藥片在舌下完全溶解的第三十七分鍾,沈清辭開始感覺到變化。

不是生理上的不適——沒有頭暈,沒有惡心,沒有林深警告的那些副作用。相反,一種奇特的清醒感像水般涌來,沖刷着他大腦中持續存在的混沌霧靄。

那些總是糾纏着他的、不屬於他的記憶碎片——畫室裏鬆節油的氣味,左手握筆的觸感,百合花甜膩的香氣——突然變得遙遠了。像是隔着一層厚厚的玻璃觀看,依然存在,但不再有那種侵入骨髓的熟悉感。

更明顯的是左手的變化。

沈清辭坐在床邊,抬起左手,在晨光中緩緩張開五指。那只手安靜地待着,手指自然彎曲,沒有任何不受控制的動作。他嚐試讓手指做出繪畫的姿勢——之前會自動呈現的、顧西洲特有的握筆角度——現在需要他刻意去模仿才能做到。

肌肉記憶被抑制了。

林深的藥起了作用。

沈清辭輕輕握拳,再鬆開,反復幾次。每一次動作都在他的完全控制之下。這種感覺很陌生,甚至有些……失落。就像突然失去了某種已經習慣的能力,即使那能力本不屬於他。

他站起身,走到梳妝台前,看着鏡中的自己。

臉色依然蒼白,眼下有熬夜留下的青黑,但眼睛比以往任何時候都更清醒。瞳孔深處不再有那種恍惚的、像是在看另一個世界的空洞感。他現在能清晰地看到自己的臉,自己的眼睛,自己的表情。

這是他自己的臉。

這個認知帶來的不是安慰,而是一陣尖銳的痛苦。因爲他知道,這清醒是暫時的。林深說過,抑制劑只能延緩,不能停止。而且只有六片,每三天一片,最多能維持十八天。

十八天後呢?

如果在那之前他沒能逃脫,如果陸宴開始使用那種“強度三倍”的新配方鎮靜劑——

沈清辭不敢想下去。

他轉身,從床頭櫃抽屜裏拿出陸宴給的藥瓶。淡藍色的藥片在裏面譁啦作響。他擰開瓶蓋,倒出兩片,放在掌心。

抗過敏藥。融合催化劑。

他該怎麼做?繼續假裝服用,然後偷偷換掉?但如果陸宴開始監控他的生理指標,發現藥物沒有起效怎麼辦?

或者……更糟。如果陸宴已經開始懷疑了呢?

昨晚他提前回來。

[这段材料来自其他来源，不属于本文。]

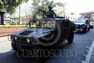 CUERNAVACA, MORELOS, 25MARZO2019.- Patrullaje mixto de policía estatal y militares en una calle de la capital. FOTO: MARGARITO PÉREZ RETANA /CUARTOSCURO.COM
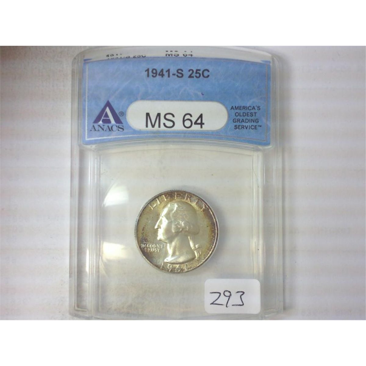 1941-S WASHINGTON SILVER QUARTER ANACS MS64

是巧合,還是他察覺到了什麼?林深能在密室裏和他見面,說明林深有辦法繞過監控。但陸宴呢?他真的對密室裏發生的一切一無所知嗎?

沈清辭盯着手中的藥片,大腦飛速運轉。

他需要一個更安全的方案。不只是換藥,而是要制造出藥物“正常起效”的假象。他需要讓陸宴相信,融合正在順利進行,他的反抗正在減弱,他正在逐漸變成那個完美的容器。

只有這樣,陸宴才會放鬆警惕。

只有這樣,他才有可能在米蘭實施逃亡計劃。

沈清辭將藥片放回瓶子,重新擰緊。然後他拿出手機,給周予安發了條加密消息:

“需要能在體內模擬藥物代謝的擾劑。有辦法嗎?”

幾分鍾後,回復來了:

“有。仿生代謝膠囊,口服後在胃裏緩慢溶解,釋放模擬藥物成分的惰性化合物,能在血液中產生類似目標藥物的代謝產物,騙過血檢。但只能持續12小時,需要每天服用。風險:長期使用可能損傷肝功能。”

沈清辭盯着屏幕,手指在鍵盤上懸停。

損傷肝功能。又一個代價。

但他有選擇嗎?

“要。盡快。”

“三天後。老地方。”

沈清辭放下手機,走到窗邊。晨光已經完全照亮花園,露水在草葉上閃爍。遠處,林姨已經開始打掃庭院,拿着水管沖洗石板路。

一切看起來平靜如常。

但沈清辭知道,這平靜下面,暗流正在加速涌動。

上午十點,工作室。

沈清辭強迫自己開始工作。米蘭珠寶展的參展作品必須完成,這是他逃亡計劃的關鍵一環。展覽現場有國際媒體,有衆多收藏家和策展人,有足夠的混亂和關注度——這是周予安和“忒修斯之船”組織爲他設計的完美脫身舞台。

但前提是,他必須有值得展出的作品。

他鋪開新的畫紙,拿起鉛筆。這一次,他的手很穩。林深的抑制劑起了作用,顧西洲的肌肉記憶暫時退去,他可以完全按照自己的意志來畫。

或者說,他以爲自己可以。

筆尖落下,線條流暢地滑出——但不是他預想中《裂隙》系列的破碎礦石。

是一朵花。

百合花。

花瓣層層疊疊,花蕊大膽,形態精準得像是植物學圖譜。線條優雅而克制,每一個弧度都經過精心計算,每一個陰影都恰到好處。

顧西洲最擅長的題材。顧西洲最標志性的風格。

沈清辭盯着那朵花,全身發冷。

他沒有想畫這個。他的手沒有不受控制。他清晰地感覺到,是自己選擇了這個主題,是自己畫出了這些線條。

但爲什麼?

爲什麼在抑制劑的作用下,在自我意識最清醒的時刻,他依然會畫出顧西洲的東西?

除非……

沈清辭猛地丟開鉛筆,後退幾步,撞在身後的工作架上。金屬工具譁啦作響,幾把刻刀掉在地上。

除非融合已經深入到了連抑制劑都無法觸及的層面。不是肌肉記憶,不是行爲模式,而是更底層的——審美偏好?創造本能?藝術直覺?

那些構成“顧西洲”這個藝術家的核心特質,正在滲透進他的意識深處。

林深說抑制劑可以延緩融合。但延緩的只是表層症狀。真正致命的融合,發生在更深的地方,在神經元的連接模式裏,在大腦處理信息的默認路徑裏。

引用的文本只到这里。